# Rapido 7066



## Wysiwyg (Jul 27, 2009)

I have just bought a 2008 Rapido 7066F can anyone tell what Rapido claim is the MIRO weight and what roughly the pay load is
Ray..


----------



## 113016 (Jun 5, 2008)

*Re: Rapido 70066*



Wysiwyg said:


> I have just bought a 2008 Rapido 7066F can anyone tell what Rapido claim is the MIRO weight and what roughly the pay load is
> Ray..


Sorry, Ray, not been funny but you should have asked that prior to buying. It is such an important thing.
Best to fill the water and gas up to about 80%, load Mrs in as well and get the van weighed including your own weight.
Then you will know just how much you can load.
Also while you are at it, weigh just the rear axle and when you have this weight you can deduct it from the full weight and you also have the front axle weight.
Finally, you will now have a rough idea where to position heavy items. Usually, this will be in front of the back axle.
Good luck!


----------



## EJB (Aug 25, 2007)

Your MH should have a plate showing the different weights.
Sometimes there are two....one from the original chassis build and one added by Rapido.
Then check it on a weighbridge as suggested :wink:


----------



## rayc (Jun 3, 2008)

Rapido give a payload of 400kg on a 3500kg MGW. The MIRO of 3100kg is with 90% fuel, gas, fresh water and 78kg for the driver.

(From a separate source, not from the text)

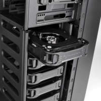 Установка дисків в корзину проводиться за допомогою санчат. Їх конструкція забезпечує практично безлюфтовую фіксацію, тому кріплення за допомогою додаткових гвинтів в даному випадку не передбачено. Процес вилучення санчат з кошика дуже зручний, їх можна виймати навіть однією рукою. У правій бічній стінці є штампований виступ, що дозволяє використовувати інтерфейсні SATA-кабелі та з прямими, і з Г-подібними коннекторами.

From memory, from I when I was speccing them prior to getting one, the 2008 70 series models were given as a MIRO of 3100kg +/- 5%.
It is only my personal opinion but the 70 series on a 3500kg MGW will be very tight to keep legal. 
Anyway perhaps the MIRO is now academic and what you want is a weigh bridge cert in running trim.
ray


----------



## 113016 (Jun 5, 2008)

rayc said:


> Rapido give a payload of 400kg on a 3500kg MGW. The MIRO of 3100kg is with 90% fuel, gas, fresh water and 78kg for the driver.
> 
> From memory, from I when I was speccing them prior to getting one, the 2008 70 series models were given as a MIRO of 3100kg +/- 5%.
> It is only my personal opinion but the 70 series on a 3500kg MGW will be very tight to keep legal.
> ...


Thanks Ray, for reminding me about fuel. I knew there was something I had forgotten, maybe it was due to the fact that I always keep my tank full so as to help stop condensation.
and I said 80%  minus 10 house points 

just looked at Caravan guard and all they mention for MIRO is full fuel tank and a driver at 75 kg. What use is that?

http://www.caravanguard.co.uk/news/how-to-calculate-your-motorhome’s-safe-weight-limits-4104/


----------